If I had to equate connecting to something, I would say it's through artistry with other artists. I'm a creative thinker and a visual person, and a lot of the things that I think about like, What are we doing orbiting with the sun? What do the stars actually mean? What is the whole existence of life? Why are we born?—[I think about] not just the things that are tangible that we can see every day. So I don't think a lot of people that I've encountered think [like] that. I'm sure there are other people that do, but I think through artistry, I find a common thread of people that have some senses that are similar.
And I hope this doesn’t sound too off, but even when I listen to music, that's a form of communicating. Even if I'm not directly talking to someone, I feel heard or understood through music and melodies and sounds and crickets outside and birds. I feel understood because I'm so connected to the universe.
WM: You recently started embracing the birthmark on your cheek a bit more and shared how it’s improving your confidence. When do you feel the most comfortable in your own skin?

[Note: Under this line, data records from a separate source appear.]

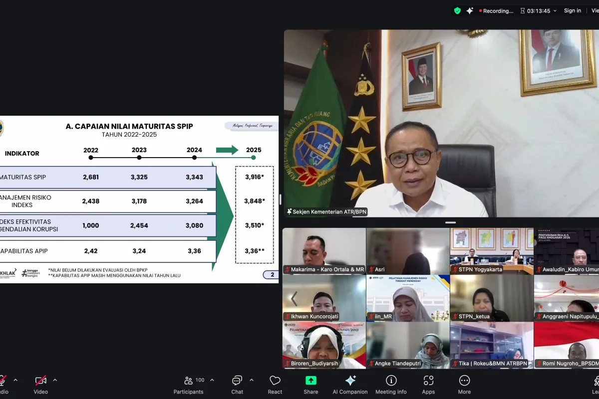 Ia juga melaporkan rencana aksi yang perlu ditindaklanjuti dari penilaian mandiri tahun 2025 oleh masing-masing satuan kerja di lingkungan Kementerian ATR/BPN.
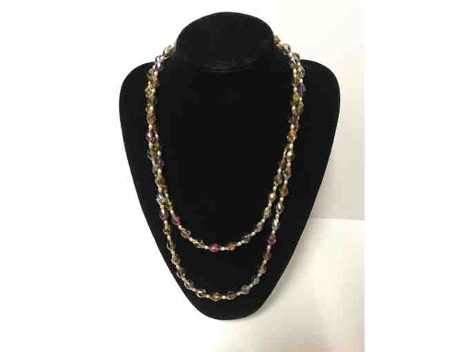 From BUH Productions Jewelry, Original Swarovski Crystal (Fluorescent Sunset) Bead and Cultured Pearl Necklace.
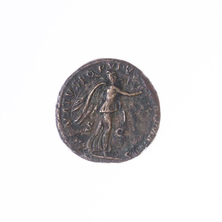 Moneda romana en bronce, período 114-117 D.C., época emperador Trajano. Diámetro 26 mm. Peso 10,07 gr.
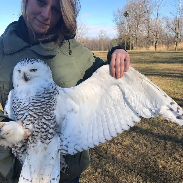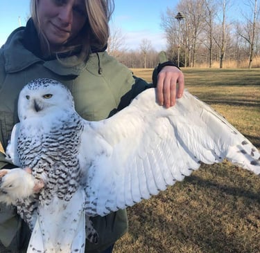 Banding Snowy Owl before release
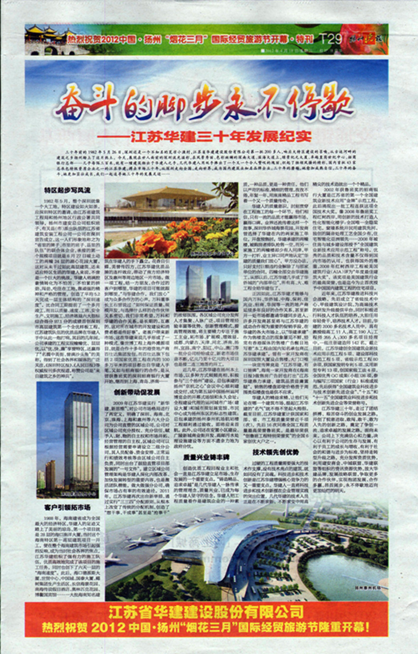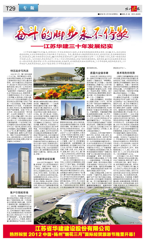 《揚州晚報》專版刊發公司三十周年宣傳文章 時間:2012-04-19 6053 4月18日,《揚州晚報》T29版刊發專版文章《奮斗的腳步永不停歇——江蘇華建三十年發展紀實》,從公司起步、市場開拓、創新發展、質量與科技等各個層面,介紹了公司三十年的奮斗歷程、綜合實力和發展業績。
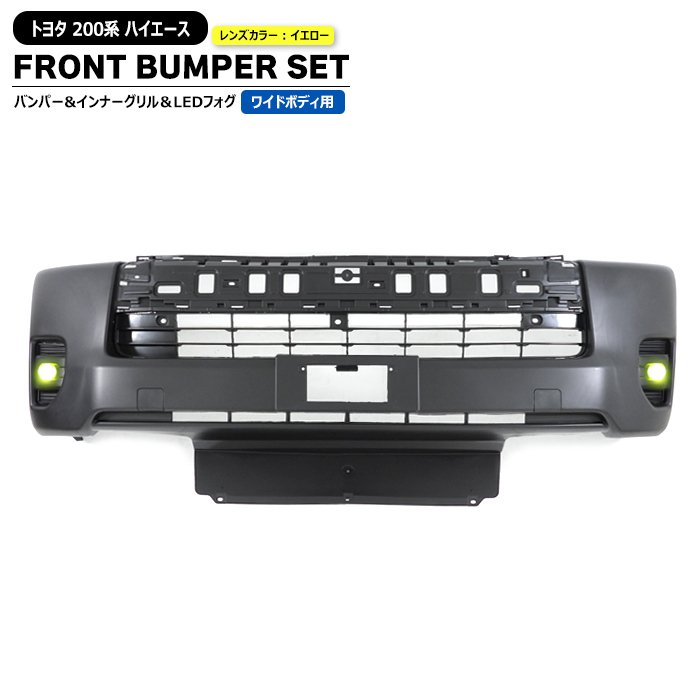 200系ハイエース ワイド 7型 8型 純正タイプ フロント バンパー & LED イエロー フォグ ランプ & インナーグリル セット トヨタ 4型 5型 6型 対応
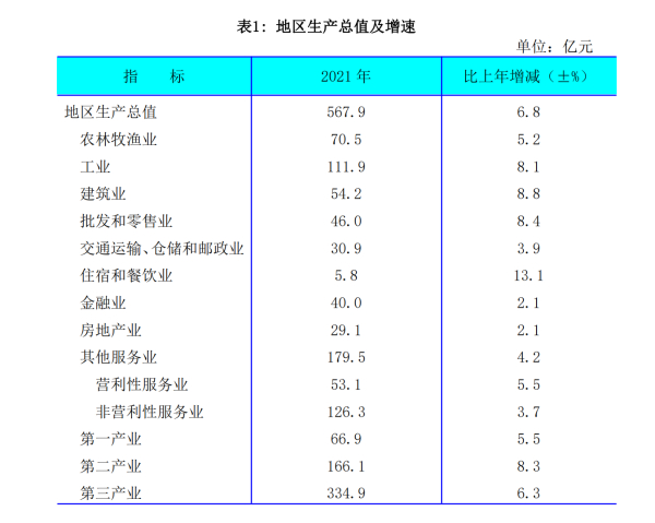 初步核算,2021年,全市实现地区生产总值(GDP)567.9亿元,按可比价格计算,比上年增长6.8%。其中,第一产业增加值 66.9亿元,增长5.5%;第二产业增加值166.1亿元,增长8.3%;第三产业增加值334.9亿元,增长6.3%。人均GDP达37080元,比上年增长7.3%。[2]
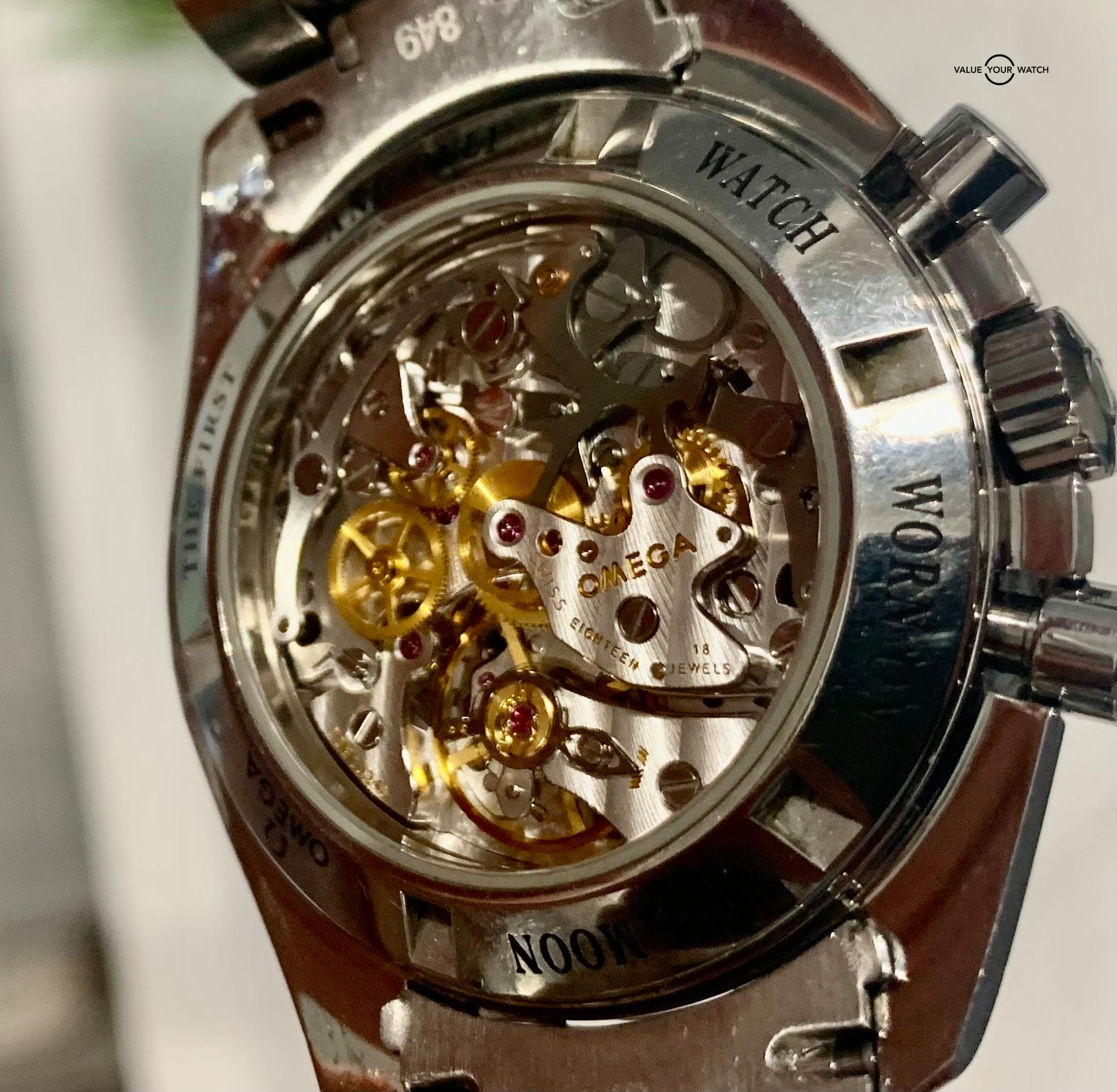 However this particular model is extra special!! You have the original Moon watch and then you have this model. The “Saphire Sandwich”. They took everything we love about the original Speedy and made it better. How do you ask? Well let me tell you, they not only included the perfect bubble of a sapphire crystal on the dial of the watch, but they managed to enclose the back exhibition case with another beautiful piece of sapphire crystal. Hence where the term “Saphire Sandwich” comes from.

HS: When I'm not all done up. When I am at home, I like to wear big, baggy letterman jackets. And when I have my hair just in a ponytail or a bun at home and I'm just being with my family and friends and not feeling this pressure of having to be perfect or this ideal that I've created for myself. I'm learning to break that. So I feel more comfortable when I'm just able to feel free and relaxed and be goofy and not care so much.
I think I've spent a lot of my life caring and being meticulous about everything for obvious reasons of wanting to fit into society and wanting to be taken seriously and respected, but I don't really care about fitting in anymore. Of course I care about being respected, but I don't care about fitting into a standard anymore because I was meant to stand out. When I posted my birthmark, I said obviously the universe created me this way because I was meant to stand out. I was meant to be seen differently, and I embrace that now. I don't want to blend in anymore.
WM: If you're having a low self-esteem day, what helps you pull yourself out of a funk?
HS: Some good music, some good food, really remembering my higher self, and realizing I'm a tough cookie. I've been through a lot. I can handle it. My purpose is much bigger than this circumstance that may be happening at this very moment. It's going to pass. And at the end of the day, I'm going to be OK because the universe has my back, and I have my back. … It's remembering who I really am and being like, Wait a minute, girl. No, we're not doing that. Having that self-talk is what gets me out of that [mindset].
WM: What message about mental health would you like to leave us with?
HS: Be easier on yourself. Be good to yourself. In this society, [we can be so] hard on ourselves in trying to reach these goals. Take it easy for a moment. Sometimes it's better to listen, rather than always talk. Listen before you respond, and listen to yourself and your inner thoughts before reacting to things. Give yourself more grace.
This interview has been edited and condensed for length and clarity.